Son inquiétude prenait le dessus. La femme n’arrivait plus à organiser ses pensées.

Prit de panique, le meunier courut à son poulailler pour y réveiller le coq. L’entendant chanter, le diable dû bien reconnaître qu’il n’avait pas tenu les délais. Le malin s’enfuit, non sans grincer des dents de s’être fait ainsi attraper par l’homme cupide.

— Respirez, tranquillisez-vous, la calma Mathias. Commençons par des choses simples : ses cheveux, ses yeux, ses vêtements, sa taille, les traits de son visage. N’importe quel détail sera utile.

— Alors, ses cheveux étaient attachés en queue de cheval. Je ne me souviens pas de la couleur, mais je dirais… clair. Pour les yeux marron ou noir. Voyons les vêtements, euh… un gilet vert… et la taille, standard.

Mathias nota les maigres indices sur sa feuille.

— Pour ce qui est de l’âge, vous avez une idée ?

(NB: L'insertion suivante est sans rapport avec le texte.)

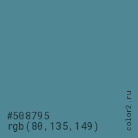 Цвет #508795 в цветовой модели RGB обозначается тремя октетами (80, 135, 149) в десятичном формате и #508795 в шестнадцатиричном (hex) формате, которые являются интенсивностью красного 80 (hex 50), интенсивность зелёного 135 (hex 87) и интенсивность синего 149 (hex 95).

— Une petite jeune, du même âge que vous je dirais. Ah ! Et elle avait des chaussures à talons ! Je me souviens du bruit sur le plancher. Encore du café ?

— Non, merci, ça ira.

La vieille dame hésita puis s’autorisa à reprendre une galette au beurre. Elle tira sur les bords de son cardigan pour recouvrir plus largement ses épaules.

— Je suppose qu’elle vous a posé des questions sur votre famille.

— Oui, je dois dire qu’elle est restée un moment. Je lui ai montré les albums photos, les livrets de famille aussi, et les arbres généalogiques. Ma nièce avait fait des recherches à ce sujet, un travail de longue haleine je dois dire. La jeune femme s’est intéressée au manoir de Cieux, un bien qui est dans notre famille depuis des générations. Je sais que Jacques avait pris la décision de le vendre. Elle a posé des questions à ce sujet.

Tu m’étonnes… pensa Mathias.

Depuis, près du moulin du diable, le ruisseau forme un brusque coude. C’est ici, dit-on que les eaux du Beuvret ont été détournées par le diable juste avant qu’il n’entende chanter le coq.

Le gendarme continua à exposer une mine souriante. Il désirait maintenant partir pour trouver des réponses. Il ne fut pas aisé de prendre congé de madame Bellac. La femme, recevant peu de monde, se montrait bavarde et le retint un moment. Une fois dehors, il prit le chemin du château.